В Германии Георг любил зайти в кафе, посидеть, покурить, поболтать со знакомыми, но в «Старом Берлине» появлялся редко. Его там прекрасно помнили, узнавали, обращались к нему «герр доктор», и все же он избегал это заведение. Посетители «Старого Берлина» жили воспоминаниями о покинутой родине и безвозвратно ушедших временах, жаловались на одиночество в чужой стране, по тысяче раз рассказывали друг другу об утраченном богатстве и почете и о том, как «там» было хорошо и какой «там» был порядок.
– Erinnem Sie sich, Herr Doktor [48]48
Вспомните, господин доктор ( нем.).
[Закрыть], – с тоской говорили они Карновскому.
Доктор Карновский не хотел вспоминать прошлое. Он сразу понял этот огромный, каменный город, свободный, но суровый. Здесь нужны немалые силы, чтобы проложить себе дорогу, силы и мужество. И он делал все, чтобы его покорить.

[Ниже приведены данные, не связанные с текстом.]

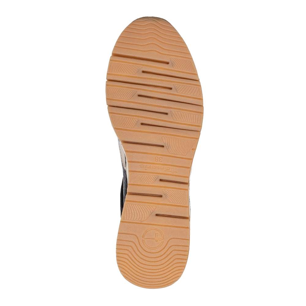 Okouzlující tenisky značky Tamaris jsou neodolatelné hned na první pohled. Unikátní svršek je složen z různých materiálů a vzorů, doplňuje jej zip a originální šňůrky usnadňující obutí. Vyjímatelná stélka spolu s vyvýšenou kontrastní podešví se postarají o pohodlnou chůzi a zaručeně doplníte tímto kouskem svůj šatník originalitou. Boty jsou ideální nejen k džínám, ale především i k sukni. Technologie: Tato bota je vybavena vyjímatelnou vložkou.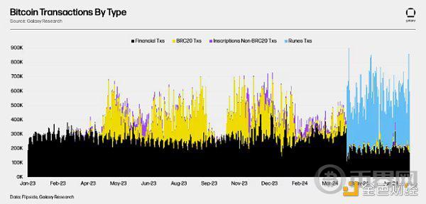 自 2024 年 1 月 1 日以来,比特币促成了超过 9900 万笔链上交易。在这 9900 万笔交易中,50% 是标准交易,我们将其定义为金融交易。Runes、BRC-20 和 Ordinal 交易分别占交易量的 35%、11% 和 4%。考虑到 2024 年 4 月 19 日推出的同质化代币协议,Rune 相关交易占总交易量的 35% 的市场份额意义重大。自推出以来,Runes 平均占比特币所有交易的 63%。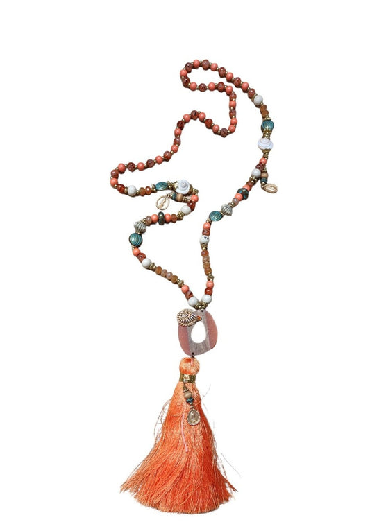 Μακρύ Κολιέ Vintage, με Πετρούλες και Κοχυλάκια σε Πορτοκαλί χρώμα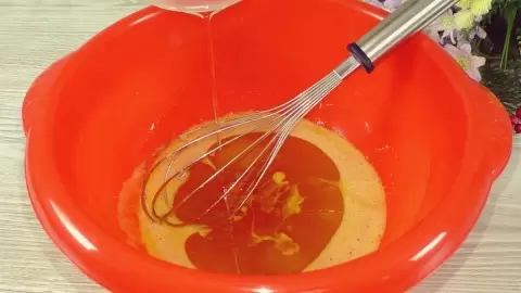 Сначала в глубокой миске тщательно смешивают яйца и белок, добавляют немного соли, сахар и ванилин. Важно, чтобы мед был жидким; если он довольно густой, стоит его немного растопить для удобства.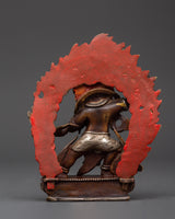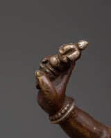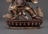 This meticulously carved Vajrapani Statue is 15.5 cm tall and weighs 0.74 kg, making it an excellent addition to any altar or spiritual area. The statue, skillfully created by Himalayan artists, has an amazing oxidized copper body with silver plating, accented with turquoise and coral. Vajrapani is shown in a dynamic dance pose, representing the active destruction of obstacles and the fierce force necessary to conquer ignorance. His serious look and muscular stance reflect the strength and commitment required to destroy any obstacles on the spiritual path.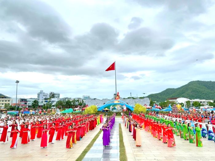 Hình ảnh đồng diễn dân vũ của hơn 600 hội viên, phụ nữ Phát biểu khai mạc, Chủ tịch Hội LHPN tỉnh Lê Thị Ngọc Lam cho biết, Đồng diễn và diễu hành Áo dài “Phụ nữ Gia Lai - Khát vọng phát triển” năm 2026 là dịp để chị em thể hiện nét đẹp của Áo dài, rèn luyện sức khoẻ và cũng là cơ hội để chị em giao lưu học hỏi, trao đổi kinh nghiệm, thắt chặt tình đoàn kết, góp phần nâng cao đời sống văn hóa tinh thần cho phụ nữ, xây dựng hình ảnh phụ nữ Việt Nam thời đại mới “Có tri thức; có đạo đức; có sức khỏe; có trách nhiệm với bản thân, gia đình, xã hội và đất nước”. Đồng thời phát huy vai trò và trách nhiệm của các cấp Hội Phụ nữ trong việc bảo tồn nét văn hoá truyền thống của dân tộc; đặt văn hoá “ngang tầm” với chính trị, kinh tế, xã hội mà Nghị quyết 80 -NQ/TW về phát triển văn hóa Việt Nam đã khẳng định.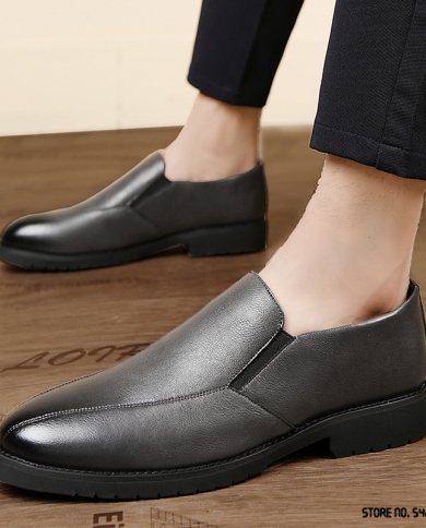 Black Grey Pointed Thick Bottom Slip On Oxford Shoes Men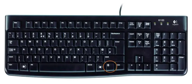 Die Kontextmenü-Taste (falls vorhanden) befindet sich häufig unten rechts neben der Leertaste, zwischen der dortigen Windows- und der Ctrl-Taste.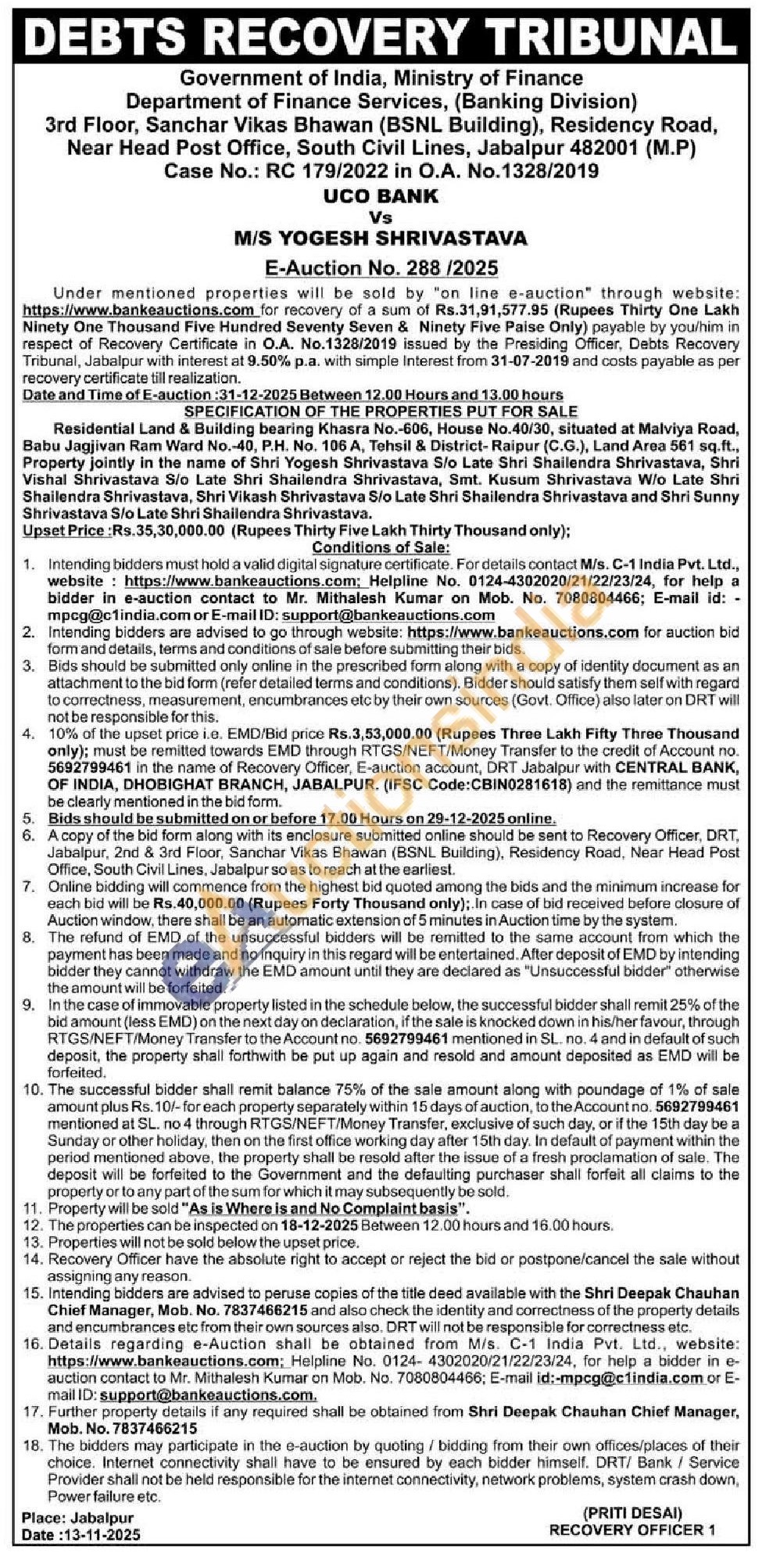 Residential Land & Building bearing Khasra No.-606, House No.40/30, situated at Malviya Road, Babu Jagjivan Ram Ward No.-40, P.H. No. 106 A, Tehsil & District-Raipur (C.G.), Land Area 561 sq.ft., Property jointly in the name of Shri Yogesh Shrivastava S/o Late Shri Shailendra Shrivastava, Shri Vishal Shrivastava S/o Late Shri Shailendra Shrivastava, Smt. Kusum Shrivastava W/o Late Shri Shailendra Shrivastava, Shri Vikash Shrivastava Sio Late Shri Shailendra Shrivastava and Shri Sunny Shrivastava S/o Late Shri Shailendra Shrivastava.

Ранним утром, встав с постели и наскоро перекусив, он выходил на улицу. Он решительно шагал вдоль Гудзона. Зеленел лес на противоположном холмистом берегу. Карновский выветривал из себя запахи пыли, постельного белья и нафталина, а вместе с ними тоску и сомнения. Он гулял здесь каждый день, но все не мог привыкнуть к доброте новой земли, где можно идти с высоко поднятой головой, даже если волосы черного цвета. Он часто приезжал на берег океана, там ему нравилось еще больше. В Германии его особенно угнетало то, что ему было запрещено ездить купаться на Ванзее. До запрета бодрящее, освежающее купание было для него величайшим удовольствием, и теперь он наверстывал упущенное. Он любил позагорать, сделать несколько гимнастических упражнений, поплавать и покувыркаться в воде. Лежа на горячем песке, выкапывая ракушки, вдыхая запахи солнца, воды, рыбы и водорослей, он чувствовал себя молодым, здоровым и сильным. Волны мерно бились о берег, выбрасывая просмоленные куски дерева, мусор с кораблей, мелких серебристых рыбок, крабов и моллюсков. Карновский с мальчишеским любопытством разжимал створки ракушек и смотрел на слизистые, белые, бесформенные, но живые тельца морских существ. Он чувствовал сильнейшую жажду жизни, когда рассматривал эти комочки слизи – предков всего живого на Земле. Набравшись сил и нагуляв аппетит, он иногда заглядывал к дяде Гарри и с удовольствием ел все, что подавала на стол тетя Ройза. А она радовалась, что он так хорошо ест, ей всегда нравилось, когда люди едят и не заставляют себя упрашивать. А ее дочери Этл нравилось, что он такой свежий и загорелый и что от него пахнет солнцем, ветром и морем. Они часто ходили на пляж вместе, бегали и плавали наперегонки. В озорстве Георг ничуть не уступал кузине.